Bride Rebecca chose to have her “hen stomp” a few days before her wedding, which was held in a rustic finca in the middle of the Sierra de Las Nieves nature park in the Andalusian region of Spain. As many of her guests had traveled far to be with her, Rebecca wanted to show them more of the gorgeous region that she calls home. Her closest friends gathered in the mountain village of Yunquera, not far from her home, to go on a hike. The trek (led by Jacqui, a friend who knew the area well) took them along country roads, down a steep gorge to a lush valley, a huge dam and the Zarzalones cave, where the Rio Grande river is born. Afterwards, the group gathered at the bride’s favorite nearby restuarant and were joined by other women from her family for a night of delicious regional food, wine and laughter. Photographer Ruth Joy, a close friend of the bride, captured the beautiful countryside walk and emotional dinner party that followed.
From bride Rebecca:
I chose to have a long walk for my hen party because so many guests had come a long way to stay in this particularly beautiful part of the world, and I wanted to show them some special local places. As everyone had paid for their flights and accommodation, I didn’t want to ask people to start forking out for activities. My friend Jacqui, who knows the area well, led us along country roads and pathways, down a steep gorge to a lush valley, a huge dam and a cave called Zarzalones, where the Rio Grande river is born. We sat on the dam and enjoyed the surroundings with a glass of bubbly. A friend, Kayte, picked some wild flowers on the way and wove them into a crown, which I still have. A few women jumped off the dam into the crystal clear, very cold river water, to cool down after the hike. We then walked across the dam and into the cave, to find the source, where the river bubbles up from a deep underground channel. There were bats hanging from the roof, and a wonderful stillness and darkness inside. Some of us had a swim in the source pool, which was icy cold but very invigorating. This was one of my favourite moment of the whole day—bathing in the source pool while singing with some wonderful women.

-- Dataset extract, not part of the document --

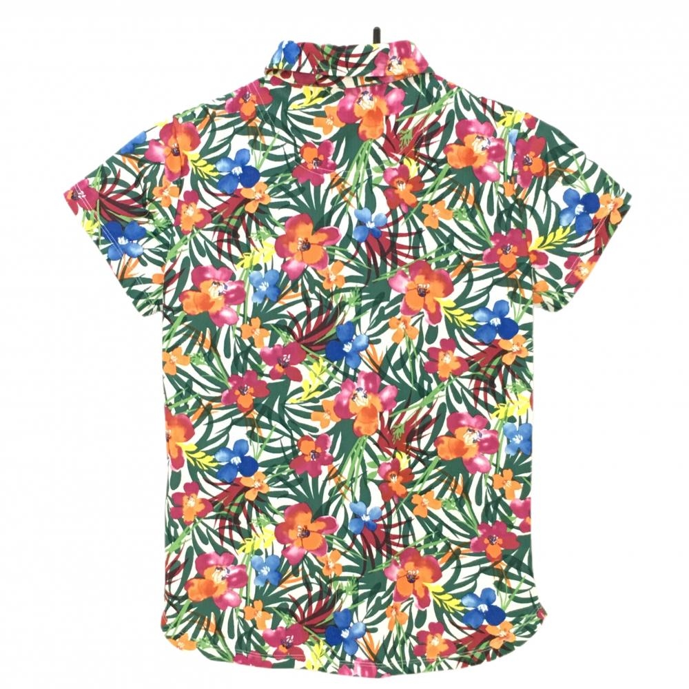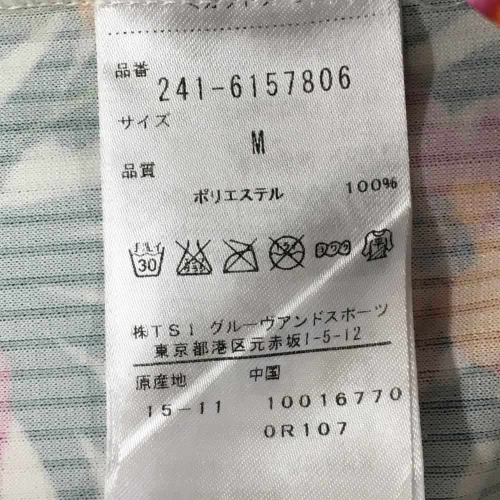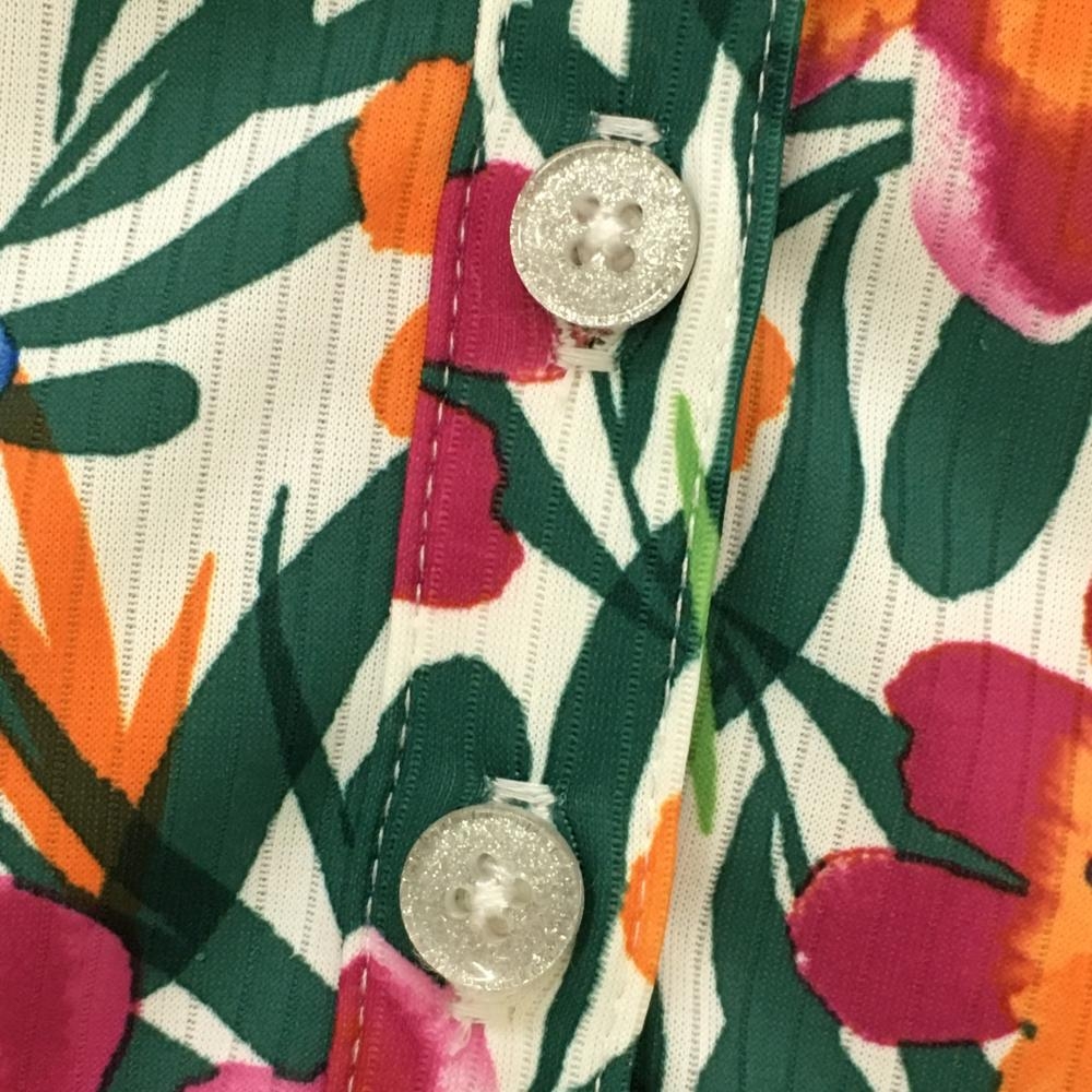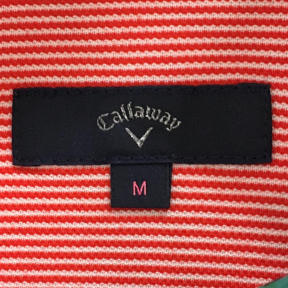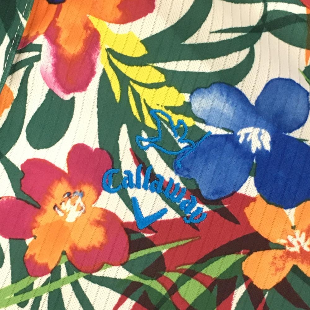 【超美品】キャロウェイ 半袖ポロシャツ グリーン×ピンク 花柄 ストライプ織生地 レディース M ゴルフウェア Callaway

After an hour or so at the cave, we made our way back up to the path, and walked the last five kilometers into the village, to a restaurant called Enara’s, my favourite in this area. The owners are so welcoming and accommodating. We had about ten more people than I’d booked for, but the lovely food just kept coming and the wine flowing. There we met the rest of the hen party—those who’d been unable to join the walk. We got changed and scrubbed up a bit in the loos, then sat down to a fantastic feast. My best lady, Steph, had prepared a Mr and Missus quiz, which got quite awkward at times because my Mum was there! Steph had also made a slideshow of photographs taken during our long friendship, along with pictures of my childhood, my family and—this part had me crying—my two daughters.
I’m so grateful to Ruth for capturing the magic of the day with her photography. We’ve been great friends for half our lives, and I admire her talent for capturing the beauty and essence of people and places.